RollingUpdate on kubernetes does not prevent Gateway Timeout

8/8/2018

I've followed http://rahmonov.me/posts/zero-downtime-deployment-with-kubernetes/ blog, created two docker images with index.html returning 'Version 1 of an app' and 'Version 2 of an app'. What I want to achieve is zero downtime release. I'm using

kubectl apply -f mydeployment.yaml

with image: mynamespace/nodowntime-test:v1 inside.

to deploy v1 version to k8s and then run:

while True
    do
            printf "\n---------------------------------------------\n"
            curl "http://myhosthere"
            sleep 1s
    done

So far everything works. After short time curl returns 'Version 1 of an app'. Then I'm applying same k8s deployment file with image: mynamespace/nodowntime-test:v2. And well, it works, but there is one ( always one ) Gateway Timeout response between v1 and v2. So its not really no downtime release ; ) It is much better than without RollingUpdate but not perfect.

I'm using RollingUpdate strategy and readinessProbe:

---                              
apiVersion: apps/v1              
kind: Deployment                 
metadata:                        
  name: nodowntime-deployment    
spec:                            
  replicas: 1                    
  strategy:                      
    type: RollingUpdate          
    rollingUpdate:               
      maxUnavailable: 0          
      maxSurge: 1                
  selector:                      
    matchLabels:                 
      app: nodowntime-test       
  template:                      
    metadata:                    
      labels:                    
        app: nodowntime-test     
    spec:                        
      containers:                
      ...                        
        readinessProbe:          
          httpGet:               
            path: /              
            port: 80             
          initialDelaySeconds: 5 
          periodSeconds: 5       
          successThreshold: 5 

Can I do it better? Is it some issue with syncing all of that with ingress controller? I know I can tweak it by using minReadySeconds so old and new pod overlaps for some time but is it the only solution?

-- freakman
kubernetes
kubernetes-ingress
traefik-ingress

1 Answer

8/9/2018

I've recreated the mentioned experiment and changed the number of requests to something close to 30 per second by starting the three simultaneous processes of the following:

While True
    do
        curl -s https://<NodeIP>:<NodePort>/ -m 0.1 --connect-timeout 0.1 | grep Version || echo "fail"
done

After editing deployment and changing image version several times, there was no packet loss at all during the transition process. I even caught a short moment of serving requests by both images at the same time.

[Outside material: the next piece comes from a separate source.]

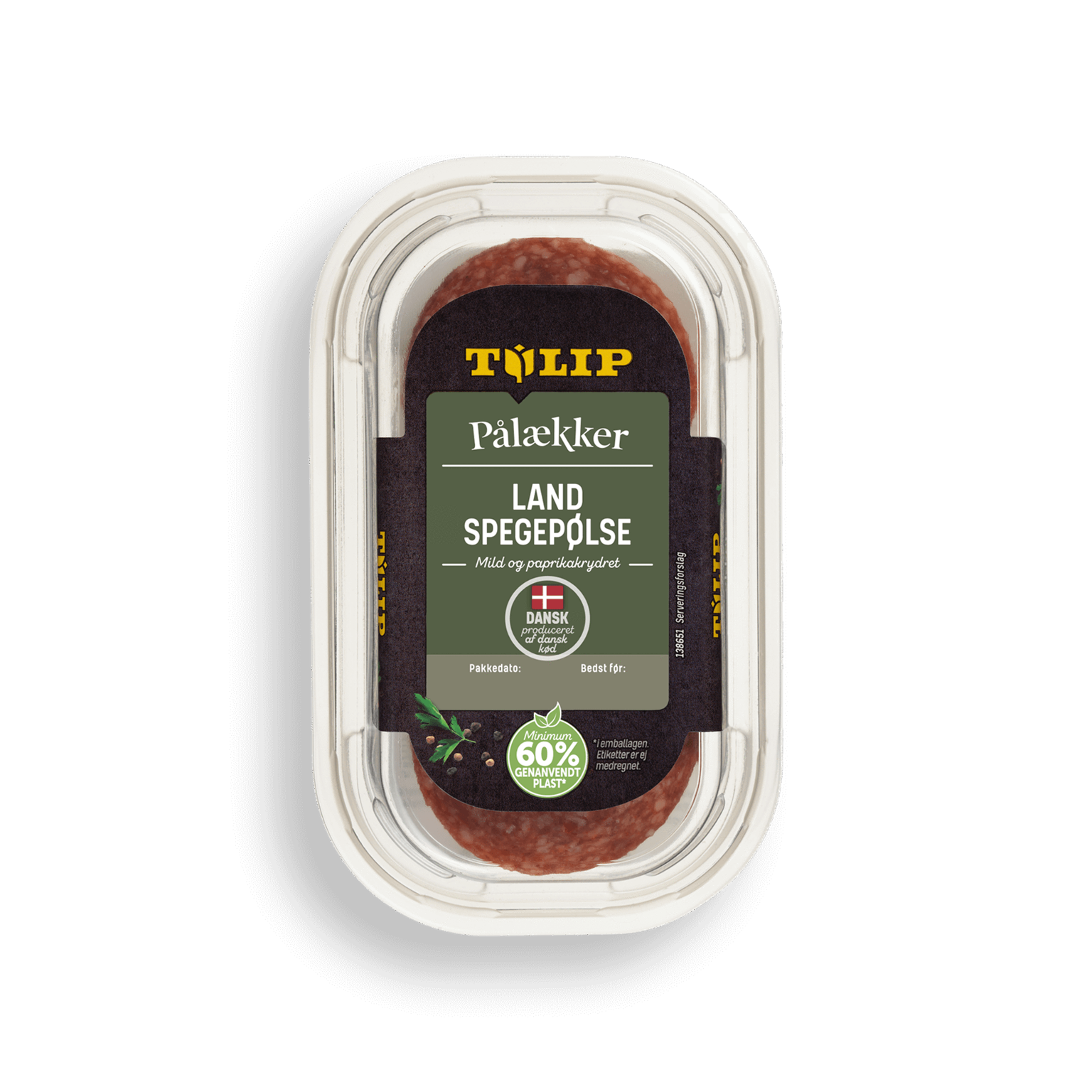 125 gTulip Pålækker Landspegepølse er lavet med udgangspunkt i godt dansk kød og en traditionsrig opskrift - det bedste fundament for en spegepølse af høj kvalitet. En klassisk mild og langtidstørret spegepølse med et pift af paprika, og selvfølgelig skåret i tykkere skiver.

  Version 1 of my awesome app! Money is pouring in!
  Version 1 of my awesome app! Money is pouring in!
  Version 1 of my awesome app! Money is pouring in!
  Version 2 of my awesome app! More Money is pouring in!
  Version 1 of my awesome app! Money is pouring in!
  Version 1 of my awesome app! Money is pouring in!
  Version 2 of my awesome app! More Money is pouring in!
  Version 2 of my awesome app! More Money is pouring in!
  Version 2 of my awesome app! More Money is pouring in!

Therefore, if you send the request to service directly, it will work as expected.

“Gateway Timeout” error is a reply from Traefik proxy. It opens TCP connection to backend through a set of iptables rules.
When you do the RollingUpdates, iptables rules have changed but Traefic doesn't know that, so the connection is still considered as open from Traefik point of view. And after the first unsuccessful attempt to go through nonexistent iptables rule Traefik reports "Gateway Timeout" and closes tcp connection. On the next try, it opens a new connection to the backend through the new iptables rule, and everything goes well again.

It could be fixed by enabling retries in Traefik.

# Enable retry sending request if network error
[retry]

# Number of attempts
#
# Optional
# Default: (number servers in backend) -1
#
# attempts = 3

Update:

finally we worked around it without using 'retry' feature of traefik which could potentially need idempotent processing on all services ( which is good to have anyway but we could not afford forcing all projects to do that ). What you need is kubernetes RollingUpdate strategy + ReadinessProbe configured and graceful shutdown implemented in your app.

-- VAS
Source: StackOverflow